I'm doing web scraping with BeautifulSoup and I need to get a link which is in a script tag, so I use this

soup.find(string=re.compile("https://link9876.net/index.php"))

this returns me the next string

"var link = [];
 link[0] = 'https://link1225.com/x/xxxxxx';
 link[1] = 'https://link9876.net/index.php?xxxxxxxxx';
 link[2] = 'https://link1356.com/index.php?xxxxxxxxx';
 ..."

(the position and number of the elements in the array changes every time)

But I only want to get "*https://link9876.net/index.php*", which is the best approach to resolve this?
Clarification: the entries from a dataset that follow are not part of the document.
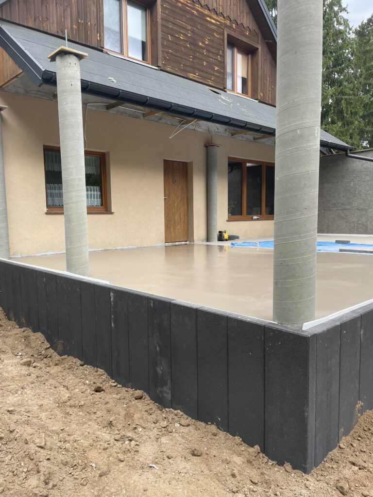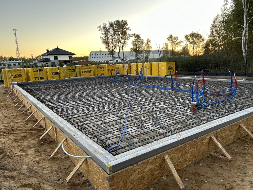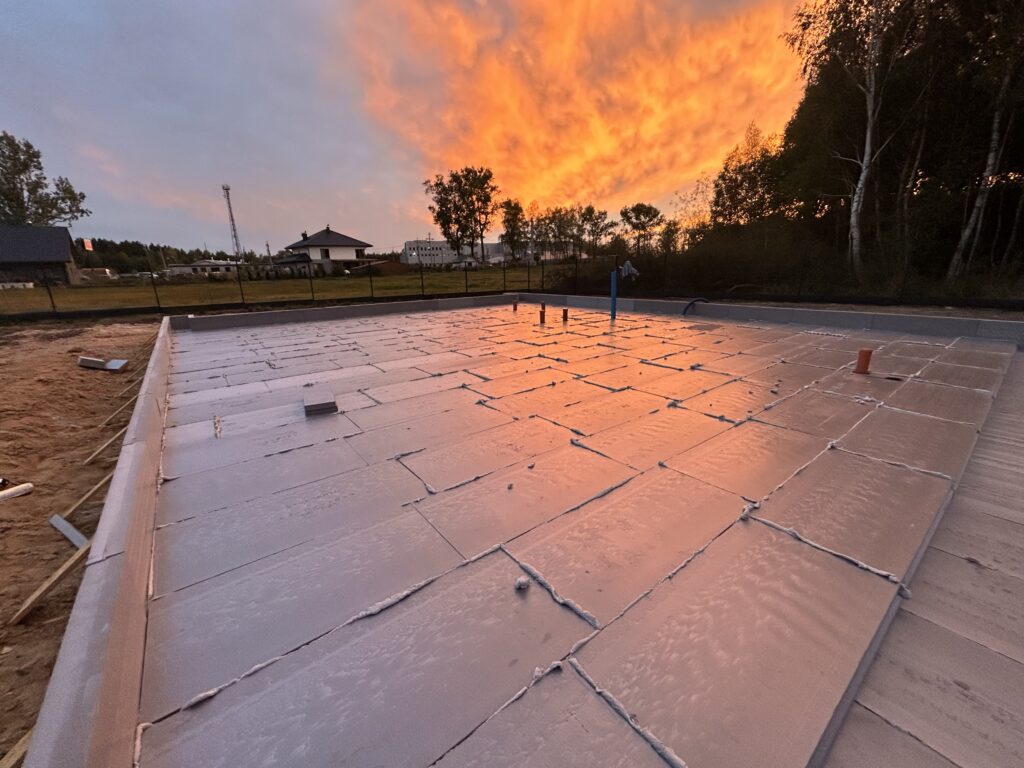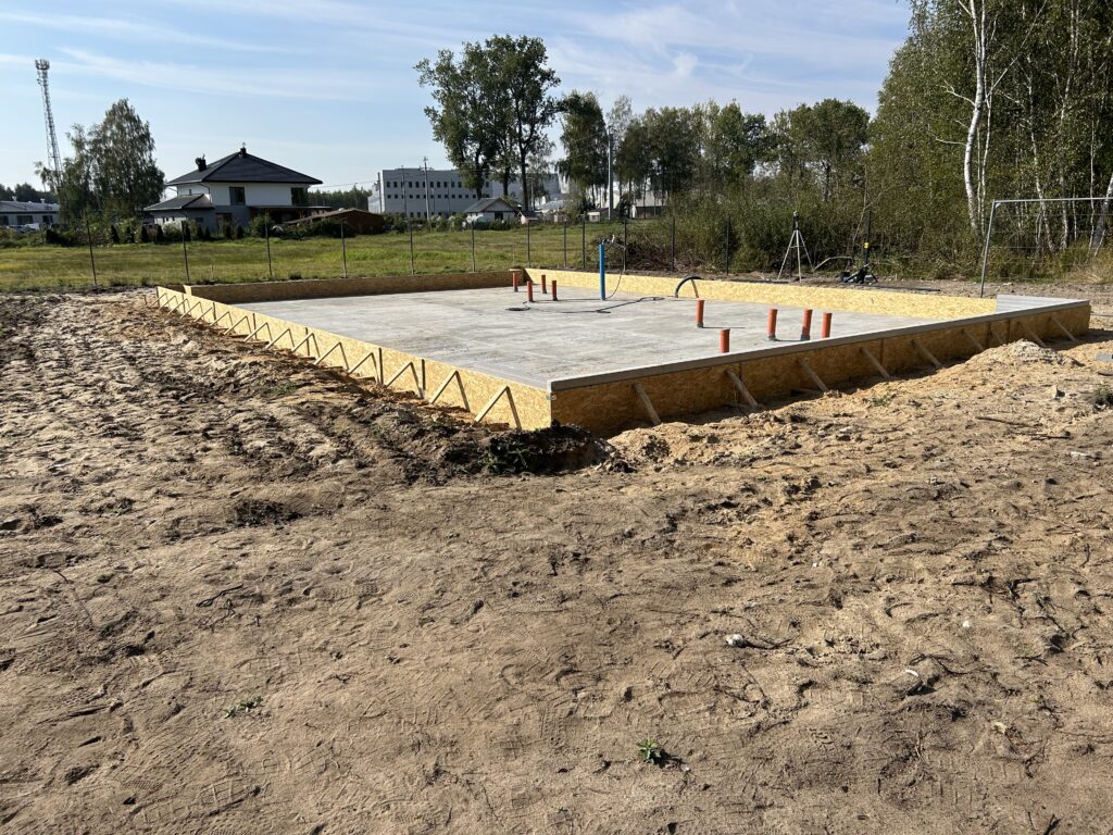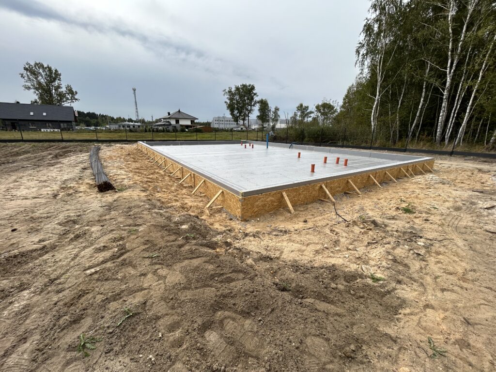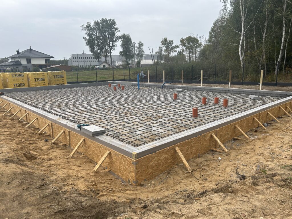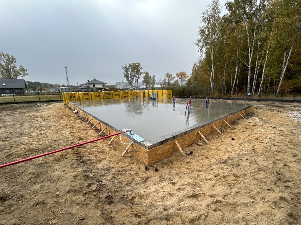 Szerokie ławy fundamentowe na niestabilnym gruncie, płyta betonowa
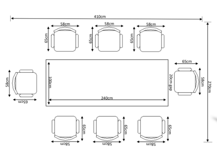 Dining Chair x8 | 88cm (seat height 49cm) | 58cm | 58cm (seat depth 46cm) |
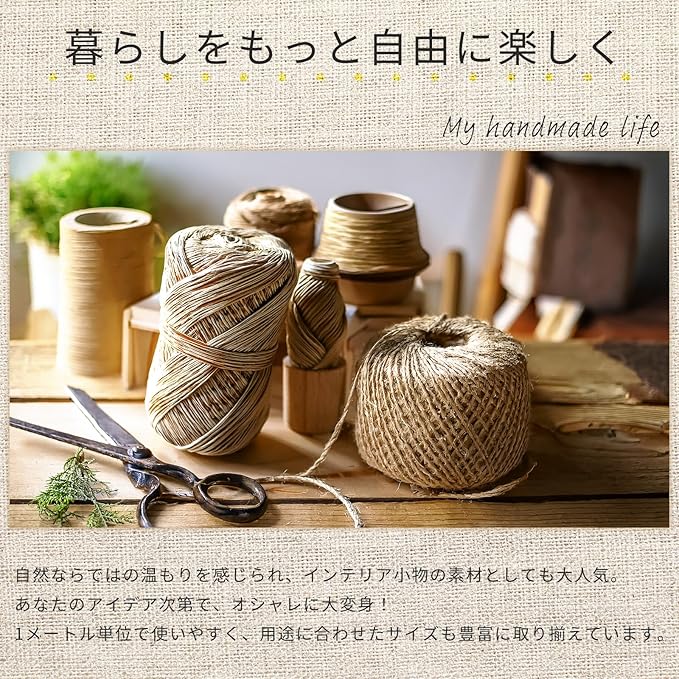 【丈夫でナチュラル。選べる太さと長さで使い方自由自在】 しっかりとした作りで耐久性も抜群。10mm、16mm、26mmと用途に応じた3種類の太さを用意しております。必要な分だけカットして使えるので無駄がなく、環境にも優しいアイテムです。 麻縄特有の素朴な香りと風合いがあり、見た目にも温かみがあります。人工素材にはない味わい深さと安心感があり、DIY愛好家からナチュラル志向の方まで幅広く支持されています。
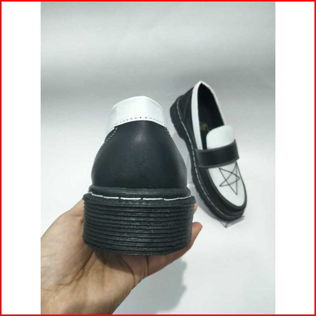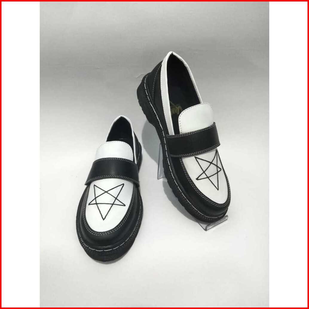 Sepatu Penny Loafers Docmart Bintang Hitam Putih Vintage Pria Wanita Casual Formal
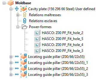 Une nouvelle branche est ajoutée à l'arborescence d'assemblage. L'état de la power-forme est indiqué par l'icône affichée à côté de la forme :
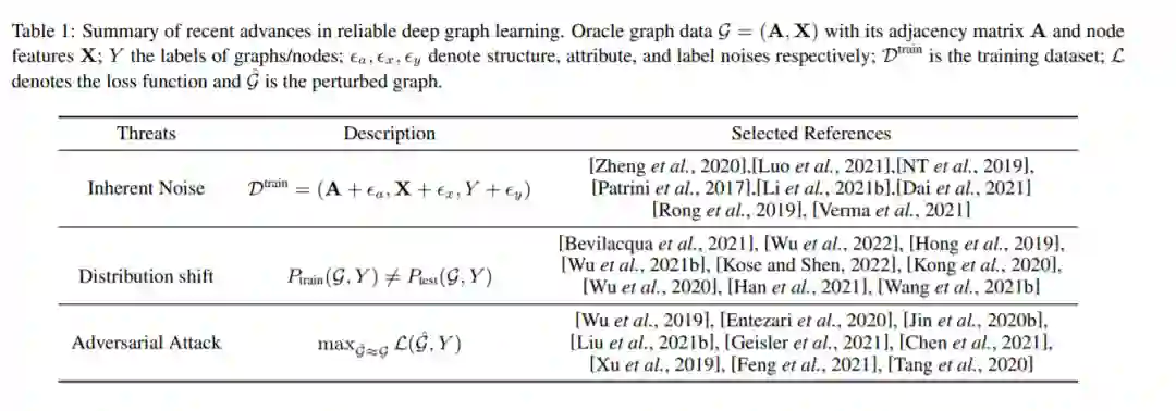 图深度学习 (Deep Graph Learning, DGL) 在商业和科学领域,包括金融、电子商务到药物和先进材料发现等应用取得了显著的进展。尽管取得了瞩目进展,但将DGL应用到实际场景中仍面临一系列的可靠性威胁,包括数据固有噪声(inherent noise),分布偏移(distribution shift) 和对抗攻击(adversarial attack)。具体来说,数据固有噪声是指图结构、节点属性和节点/图标签中与生俱来的噪声。分布偏移指的是训练和测试数据分布之间的偏移和不一致,包括领域泛化和子群偏移。对抗攻击是一种操纵性的人为手段,目的是造成模型的错误行为,典型例子包括对抗样本和后门触发器。本综述旨在提供一个关于DGL的可靠性研究最新进展的全面回顾。与之前主要关注对抗攻击和防御的相关综述相比,我们的综述涵盖了DGL的更多可靠性相关方面,即数据固有噪声和分布偏移。此外,我们还讨论了上述各方面的关系,并指出了未来研究中需要探索的一些重要问题。

CodePudding user response：

You could just use another regular expression to extract any necessary links, for example:

import re

script_text = """var link = [];
 link[0] = 'https://link1225.com/x/xxxxxx';
 link[1] = 'https://link9876.net/index.php?xxxxxxxx1';
 link[2] = 'https://link9876.net/index.php?xxxxxxxx2';
 link[3] = 'https://link9876.net/index.php?xxxx3xxx';
 link[4] = 'https://link1356.com/index.php?xxxxx4xxx';
 link[5] = 'https://link1356.com/index.php?xxxxx4xxx';
 ..."""
 
for link in re.findall(r"'(https://link9876\.net/index\.php.*?)'", script_text):
    print(link)

Would give you:

https://link9876.net/index.php?xxxxxxxx1
https://link9876.net/index.php?xxxxxxxx2
https://link9876.net/index.php?xxxx3xxx